As chief privacy officer of Meta, Erin Egan has a challenging role. Leading the privacy and global policy operations for the biggest social networking platform in the world has always been a complex job, with the company’s platforms frequently coming under the scrutiny of regulators globally over their handling and use of personal data.
But with generative artificial intelligence becoming mainstream in the past few years, it feels like the stakes have ratcheted up a notch.
“We are in a moment of a technological revolution akin to the revolution we had with the internet in the 1990s,” Egan says.
There is opportunity here for companies, that much is clear. Meta has big ambitions when it comes to AI. The Facebook owner is aiming to integrate the technology into hundreds of millions of businesses, bringing the benefits of AI to companies that might otherwise have missed out.

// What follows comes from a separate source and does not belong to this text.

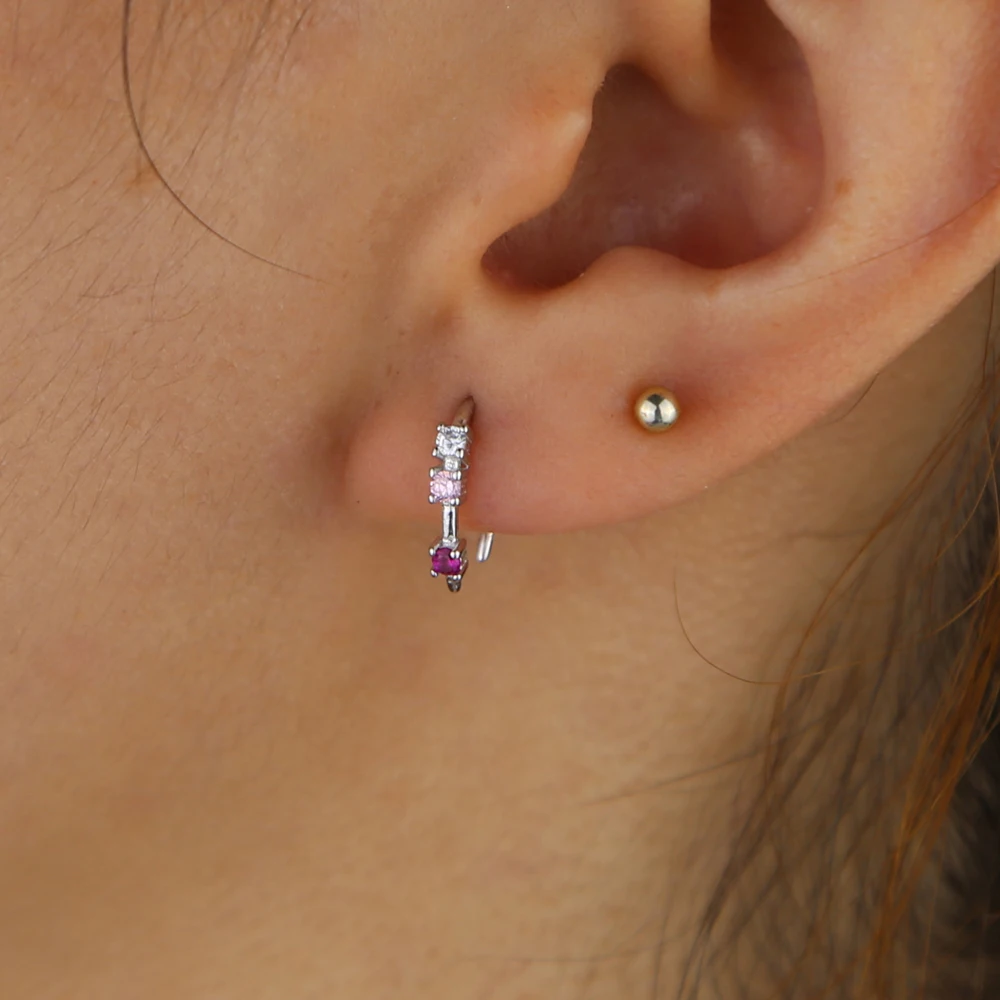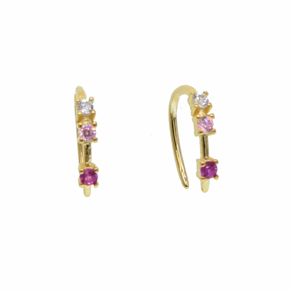 2021 золотое покрытие Рог Форма минималистский красочные CZ серьги-гвоздики 925 стерлингового серебра, розовый, розово-белый CZ милые серьги для женщин, ювелирные изделия

And it is spending big to do it, investing billions in the technology in 2025 alone as it builds data centres and expands its capacity to handle what it expects will be a surge in activity.
If chief executive Mark Zuckerberg’s vision is realised, AI could be used in the future for everything from creating advertising to preventing loneliness in society.
The company already has close to a billion active monthly users for its AI technology, and it is continuing to develop open-source models – dubbed Llama – although the latest version, Behemoth, has reportedly hit a snag in its roll-out that could delay it by a few months.
But there is also apprehension from consumers about what this new technology means for privacy, and how their data will be used to train the technology. For EU citizens, the introduction of new legislation is intended to help allay those fears, and provide a safeguard for how services can operate in the region.
That can be at odds with what businesses see as important.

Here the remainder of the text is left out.